Hernandez was now on his feet and helping Stewart up. Painfully slow, too slow thought Aidan as unexpected tears of anger or fear welled in his eyes. He looked to his right, into the imperceptible darkness.

They hadn’t seen the approaching junk, matte gunmetal grey against a backdrop of lightless space. A great metallic carbuncle of the dilapidated monolith that had torn off from some unforeseen nodule of the station, whipped away by the centrifugal momentum, launching it like a trebuchet round toward them.

It was reaching escape velocity from the weak pull of the station and slowly breaking up. But neither was happening fast enough. As it bore down, Aidan could see that the object was on a collision course. Ragged edges wept glittering plating into space like reflective petals, little abating its progress. Thousands of tonnes of metal floated with imperceptible violent inertia towards them. Aidan conceded that nothingness was upon him, he contemplated releasing his gauntlets to obtain some purchase on the karabiners, but it would be a futile effort, introducing needless pain to an otherwise instantaneous death.
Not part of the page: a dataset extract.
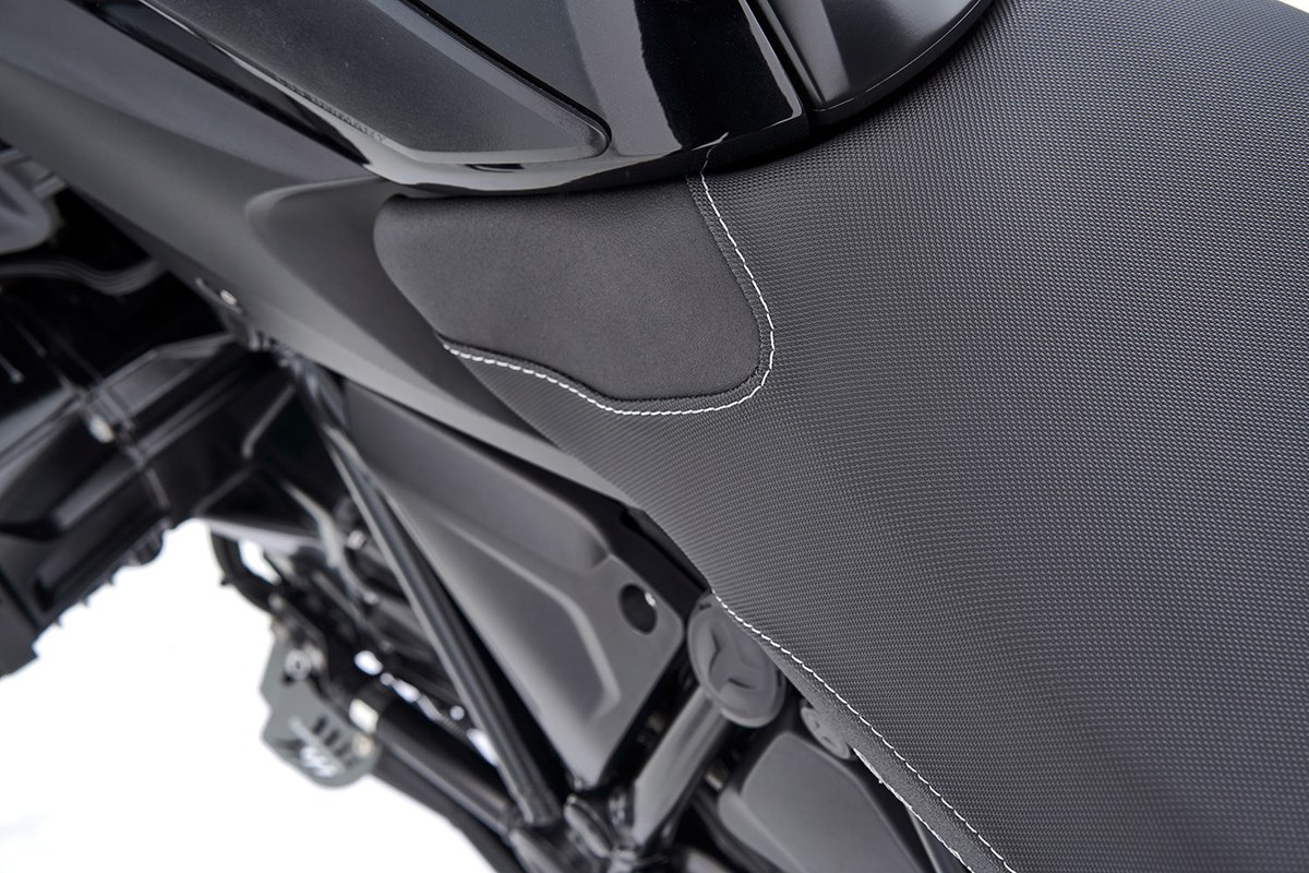 Sie bieten perfekten Halt und aktive, sichere Kontrolle bei forcierter Fahrt, ganz besonders auch beim Bremsen: Wer kennt das nicht, wenn die Sozia beim Ankern plötzlich von hinten schiebt und man sich unvermittelt abstützen und gleichzeitig, in einer vielleicht brenzligen Lage, auch noch lenken muss. Mit Wunderlichs eigens entwickelter Stützkontur gehören diese Schreckmomente beim Bremsen der Vergangenheit an. Die innovative, ergonomische 3-D-Kontur sorgt auch dafür, dass Druckstellen an den Innenschenkeln beim Stehen an der Ampel, passé sind.
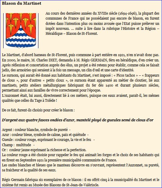 Blason sur le site St Florent d'Hier et d'Aujourd'hui, 2014.

Hernandez was at the magnetic cam he and Stewart were tethered to. First he attempted to release their tethers, but without the luxury of time he was suddenly possessed with Aidan’s lack of finesse. Subsequently, Hernandez started kicking at it and screaming. “Mamón!”

Behind, Stewart, who Aidan imagined was little more experienced than he at EVAing, appeared to be walking through quicksand. In his rush to escape, the young radio officer stumbled against the counterintuitive double step mag boots. Aidan watched the station junk loom large in Stewarts visor and wondered what expression of fear the golden mirror shade masked.

Aidan turned to face the object. In the last second the great metal appendage appeared to change trajectory rising upward, although that was probably an optical illusion caused by proximity. In a final bid, Aidan flattened himself supine against the deck. The musculature of his body clenched in unison with his teeth. In perfect silence he felt the structure of the Riyadh quake beneath him, then the blinking lights of distant stars above blackened. He felt his head lurch sharply to the left, as if something was trying to rip his head from the neck, then impact detritus skittered across him; cleaved portions of the monkey islands railings and shattered aerials.